● **RECORDED DATA**:
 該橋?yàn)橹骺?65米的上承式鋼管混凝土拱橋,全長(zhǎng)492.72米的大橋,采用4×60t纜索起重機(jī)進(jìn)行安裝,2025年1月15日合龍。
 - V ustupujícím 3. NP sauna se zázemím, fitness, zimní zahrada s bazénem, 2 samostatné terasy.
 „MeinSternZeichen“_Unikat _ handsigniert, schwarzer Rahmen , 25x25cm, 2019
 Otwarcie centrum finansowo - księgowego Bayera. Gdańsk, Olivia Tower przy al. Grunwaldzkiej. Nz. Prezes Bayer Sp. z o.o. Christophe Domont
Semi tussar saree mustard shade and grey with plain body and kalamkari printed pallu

...

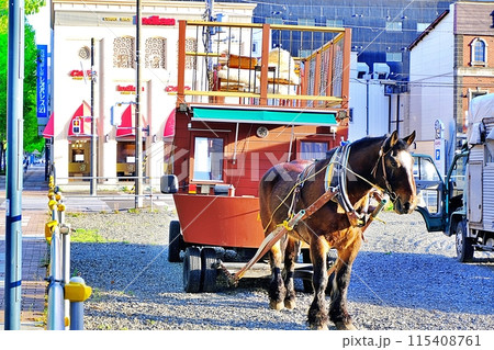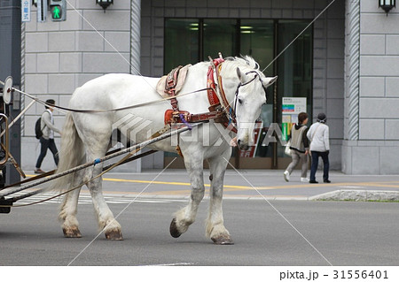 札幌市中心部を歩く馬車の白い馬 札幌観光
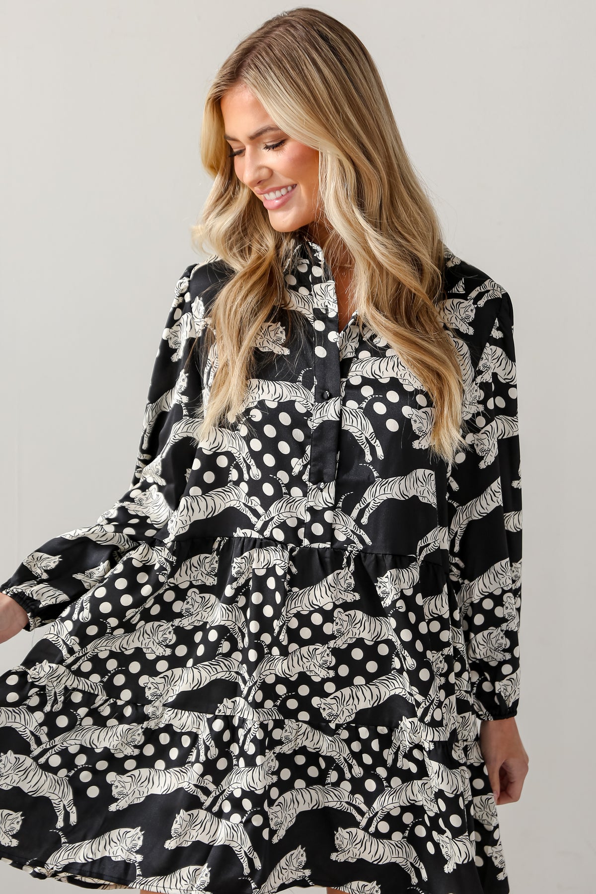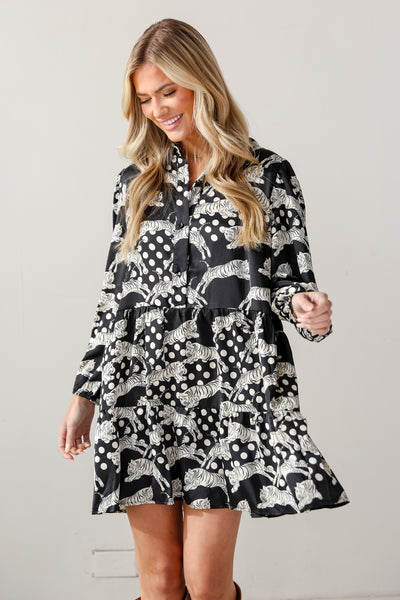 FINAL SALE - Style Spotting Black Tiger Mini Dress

● **TO DO**: A word-for-word copy of the lines above from the one with "- V ustupujícím" through the one with "Semi tussar saree", inclusive, is the only output wanted.

● **ANSWER FOR THIS EXERCISE**:
 - V ustupujícím 3. NP sauna se zázemím, fitness, zimní zahrada s bazénem, 2 samostatné terasy.
 „MeinSternZeichen“_Unikat _ handsigniert, schwarzer Rahmen , 25x25cm, 2019
 Otwarcie centrum finansowo - księgowego Bayera. Gdańsk, Olivia Tower przy al. Grunwaldzkiej. Nz. Prezes Bayer Sp. z o.o. Christophe Domont
Semi tussar saree mustard shade and grey with plain body and kalamkari printed pallu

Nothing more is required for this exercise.